■ Given material
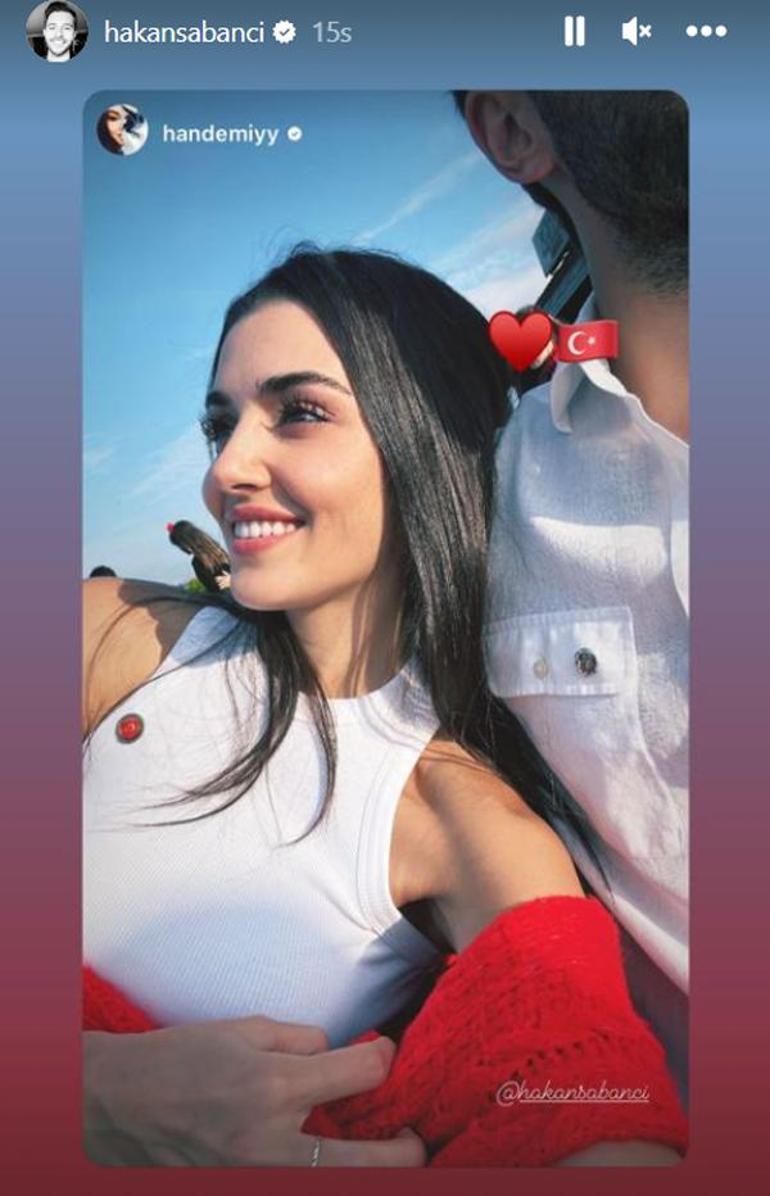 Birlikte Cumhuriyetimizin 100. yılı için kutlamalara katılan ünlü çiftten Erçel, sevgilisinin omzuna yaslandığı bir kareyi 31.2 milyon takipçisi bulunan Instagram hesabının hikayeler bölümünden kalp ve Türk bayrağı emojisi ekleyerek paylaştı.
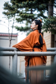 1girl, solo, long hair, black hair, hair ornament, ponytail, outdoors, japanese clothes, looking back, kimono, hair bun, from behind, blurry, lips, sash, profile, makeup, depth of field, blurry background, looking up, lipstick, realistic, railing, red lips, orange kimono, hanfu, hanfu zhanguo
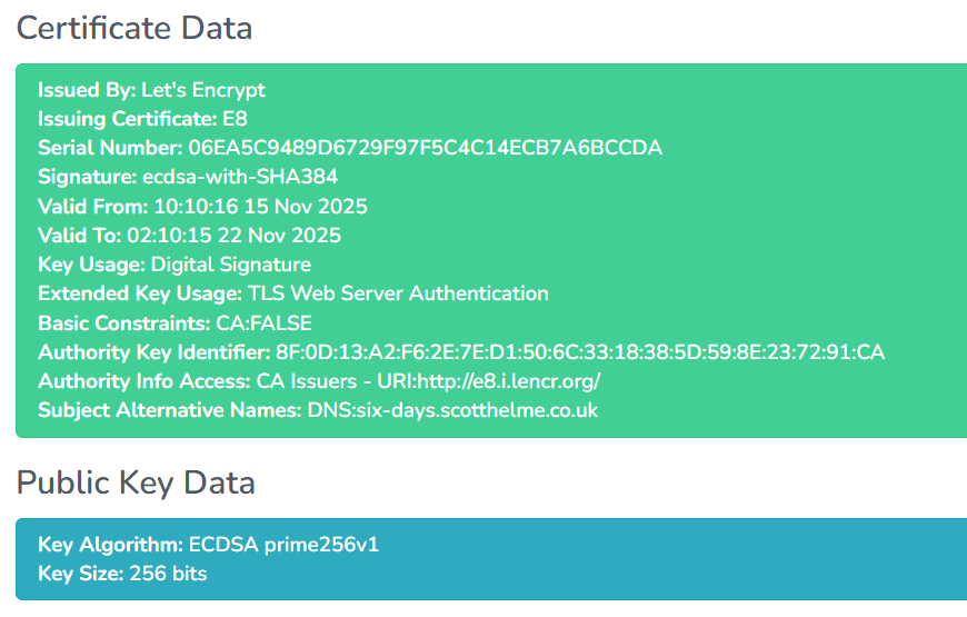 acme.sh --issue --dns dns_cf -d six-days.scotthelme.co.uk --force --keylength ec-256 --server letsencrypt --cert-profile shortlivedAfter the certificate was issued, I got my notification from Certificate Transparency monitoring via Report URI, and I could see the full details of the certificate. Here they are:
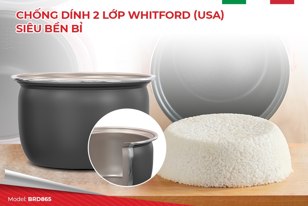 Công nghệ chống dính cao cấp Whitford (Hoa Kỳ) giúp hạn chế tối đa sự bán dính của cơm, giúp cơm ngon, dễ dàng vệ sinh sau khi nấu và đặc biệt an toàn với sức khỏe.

■ Exercise aim
Could you give again precisely the lines from the one containing "acme.sh --issue --dns" through the final line of the material above, both included, and no others, dropping the pictures?

■ Task result
 acme.sh --issue --dns dns_cf -d six-days.scotthelme.co.uk --force --keylength ec-256 --server letsencrypt --cert-profile shortlivedAfter the certificate was issued, I got my notification from Certificate Transparency monitoring via Report URI, and I could see the full details of the certificate. Here they are:
 Công nghệ chống dính cao cấp Whitford (Hoa Kỳ) giúp hạn chế tối đa sự bán dính của cơm, giúp cơm ngon, dễ dàng vệ sinh sau khi nấu và đặc biệt an toàn với sức khỏe.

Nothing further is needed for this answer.